The classic example was of course football. With the aid of massive cross-subsidy, Sky bought up the rights to all the sporting events anyone cared about, all the while hyping it to the sky (where else?) – then, once a fairly large number of dishes had been sold, began to up prices and shift ever more content across channels, moving from the packages sold with the dish to ever-pricier extras. That is to say, “competition” had consisted only of the creation of a monopoly and the construction of a never-ending succession of toll booths on the road to Wembley. The same landgrabber’s approach is visible throughout the Sky empire. Get a monopoly. Loss lead. Then turn on the screws. Mr. Ball’s Big Idea is apparently that the BBC and Channel 4 should be forced (someone always seems to get forced) to sell all their decent programmes at the end of each year. As ITV is apparently on its last legs, and Channel 5 will soon be for sale to Rupes once the Comms Bill goes through, it’s clear who would buy them. It’s also clear, given the compulsion of the BBC to sell and the utter lack of other buyers, that Sky will get them for peanuts. So – public money creates, Sky profits. If you want to see the next series of Spooks, you’ll have to cough up. Free money for Murdoch, and the perfect foundation for a later declaration that the BBC “isn’t working”, doesn’t get the ratings, should be “modernised”.

This should not be underestimated. Should Blair survive this autumn, we can expect a government revenge campaign against the BBC. Charter renewal will be used to force pro-Murdoch conditions on the corporation. Intensive and tiresome propaganda cheerleading in the rightwing press can only be dreaded. The question is the model of the attack – will it be Railtrackisation (some form of deliberately unworkable public-private pissup), Royal Mailing (regulatory and financial bullying “to prepare for competition”, making operations impossible) or industry-ing (mass layoffs, closures, piecemeal sellout – the nuclear option)? My money at the moment would be Mailing – if you should hear that Ofcom will “regulate” the BBC, watch out!

I recently looked at the collected Steve Bell cartoons for 1987, and I was horribly struck by the fact that they seemed quite right for this week. A British prime minister of utter dishonesty but given to fits of emetic moralising over trifles, an imbecile US President high on war and goddery (“Yes! I was a martyr to my Twinkie habit until I discovered Moral Majoridy…..Now my head is clear of chemical junk and FULL of DANGEROUS RIGHTWING CHRISTIAN HORSESHIT!”), a general sense of impending doom, a government bent on building as many motorways as fast as possible…it’s like I hallucinated all my life since ’87 and time has been standing still. Was anybody else as depressed as I was by the decision to widen the M25? Roadbuilding was so much the hallmark of the rotten grimgrey Major years, and the centre of so much of the stewing opposition to them. This was a government that was obsessed with pouring concrete over the most beautiful parts of the country so that philistines could sweat in more traffic jams on their way to stack up more debt in giant US-owned shopping malls, whose answer to anyone who didn’t like it was to pass a law that tried to ban a particular kind of music and march up a thousand cops, and who compared themselves to the Romans whilst they were at it. No wonder they seemed like mutants. And now wonder it felt like such a victory when Blair shitcanned their roads programme in 1997. Now here we are – back to square one, with mobile phones, Dubya, debt and not much else. Everything keeps happening again and it’s worse every time!

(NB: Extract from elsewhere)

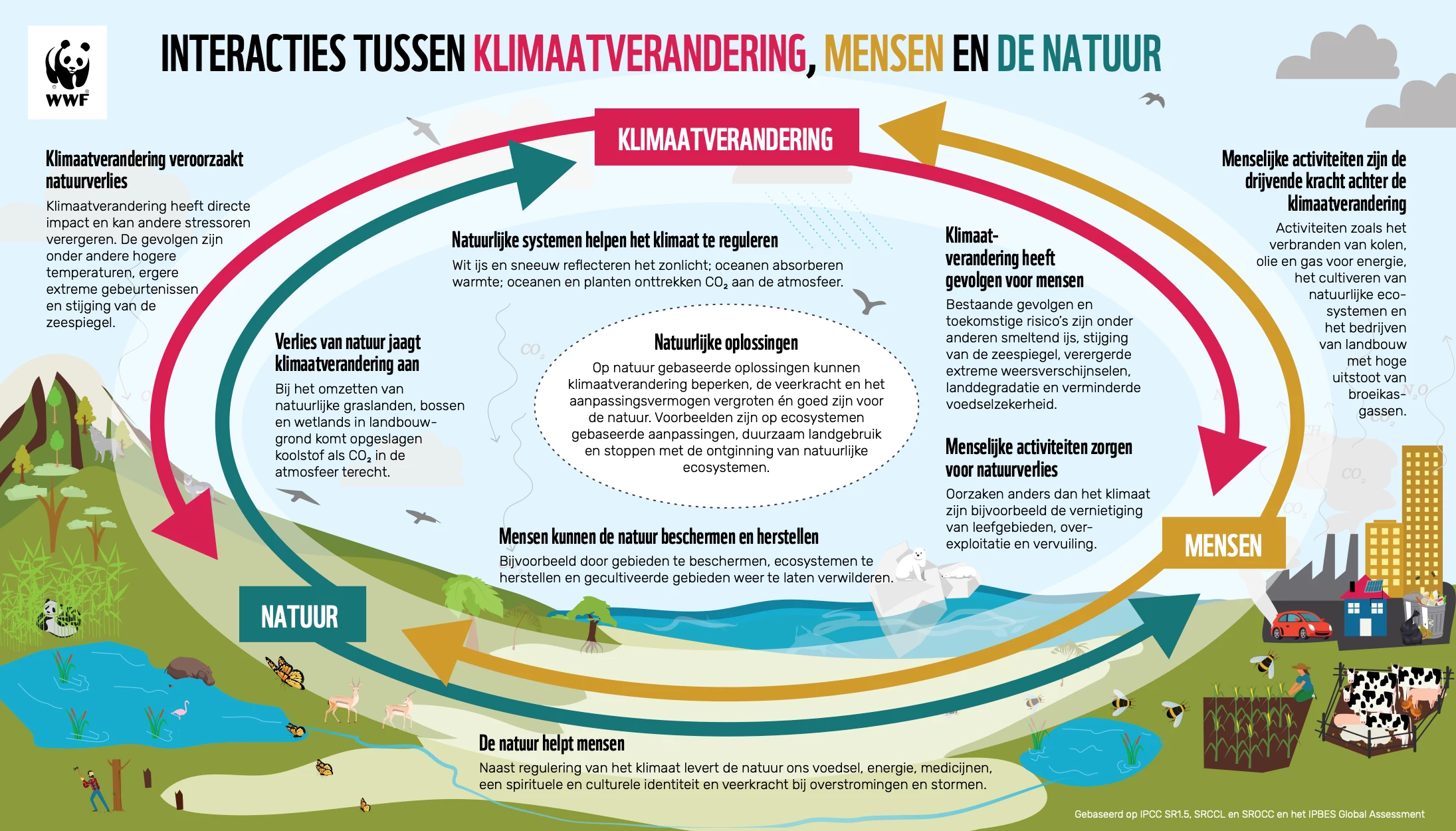 Meer natuur zorgt voor meer CO2-opname en dus afkoeling, meer veiligheid, meer biodiversiteit en voldoende voedsel en water voor iedereen. Als we meer bomen planten en rivieren de ruimte geven, kunnen we het water beter vasthouden. Met meer mangroves en meer koraalriffen, natuurlijke buffers, kunnen we kwetsbare kustgebieden beter beschermen.

One factor that might save us, though, is the class question. Destroying the railways was one thing, but there the people involved were mostly oh-so-unsexy, unreconstructed, male working-class strivers. Fresh meat for the market state. The BBC, however, has been something like the Church was in the 19th century – the career of choice for the younger sons and daughters of the educated middle classes, absorbing great swathes of recent graduates every year and positively dripping with public respect. British politicians since Gladstone (“an insular country subject to fogs and with a powerful middle class”) have rarely come away from a row with the suburbs with all their limbs. Tackle the BBC again? Now that’s gonna hurt.